I want you in me, here, says I.

Oh Christ, you teach me how to die


to self, as my best way to go

(What do I want? How can I know?).

And what might you, a god who’ll “show

not speak”, want here? I’ll act “in tow”!




2025-01-08

FOUN D OUbT

 



Oh God, I love the way our brains and minds

connect up with our bodies. This your plan 

And you can bless us. And you do. I find

such help that’s coming on, more to this man.


It’s not so fair, it’s more “over the top”.

Because you can, & do, spread out your love.

It makes me think “one day this must all stop”!

But like the sun, that shines from up above,


on good & bad alike, your love is great.

And you made at the start, with end in mind.
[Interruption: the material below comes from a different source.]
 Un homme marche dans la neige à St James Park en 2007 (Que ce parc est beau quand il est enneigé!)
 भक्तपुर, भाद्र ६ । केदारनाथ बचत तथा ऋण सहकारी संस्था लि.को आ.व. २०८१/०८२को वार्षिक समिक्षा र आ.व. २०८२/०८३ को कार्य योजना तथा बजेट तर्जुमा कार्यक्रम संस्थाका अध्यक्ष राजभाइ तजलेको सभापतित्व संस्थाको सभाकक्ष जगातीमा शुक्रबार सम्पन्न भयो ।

You knew we’d have to move beyond our hate

and self centred advancement, try’n to find


our selves because they seem quite lost of late.

In fact the life & love of Jesus Christ

has warned that when we focus on our self

we’ll lose it, for we’re foetal not mature.
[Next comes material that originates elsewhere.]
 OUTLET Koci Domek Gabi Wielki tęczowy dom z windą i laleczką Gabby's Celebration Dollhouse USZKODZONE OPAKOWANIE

And self is not yet formed, we’re in the womb.

You know all of our insecurities

and aren't surprised that we’ve still got more room

for growth, because our immaturities


are part of your big plan, this is the way

of truth, that can be quite naive, yet “wise

as serpent, harmless as a dove”, he’d say.

I see my job is now not to despise


but as a child learns love and friendliness

from looking at their parents way of life

(in daily life that’s shared - that’s how they bless!)

My job is “share life” back. Both fun and strife.




2025-01-07

moving…walking…ON




My God! There’s things in my life where I need 

some help to work out ways to do them well.

And not just one, but many, I concede.

But also there’s two tendencies from hell:


The one is to be lazy, in effect

to say it's up to you to make it work.

And often you have stepped in, and just swept

me up in your good purposes. You lurk


about the place, just trying to help out.

Supplying air to breathe, and often food,

some friendly face who smiles instead of doubts.

But sometimes my response has been quite rude:


instead of looking up, blessing your name,

instead of copying my father’s way

of seeing all the good that is to blame

for life continuing, then rightly say-


-ing something with my mouth to credit where

creative love has stepped in once again,

to be a kind of priest, who won’t just stare

zombie like, but look up, and disdain 


the kind of independence that won’t thank

someone for spreading goodness round the place.

My other tendency’s to “soldier on”,

not looking for my orders, “on my own”.


And you want neither. You want kids who’ll shine

out with your family’s spirit, like your Christ.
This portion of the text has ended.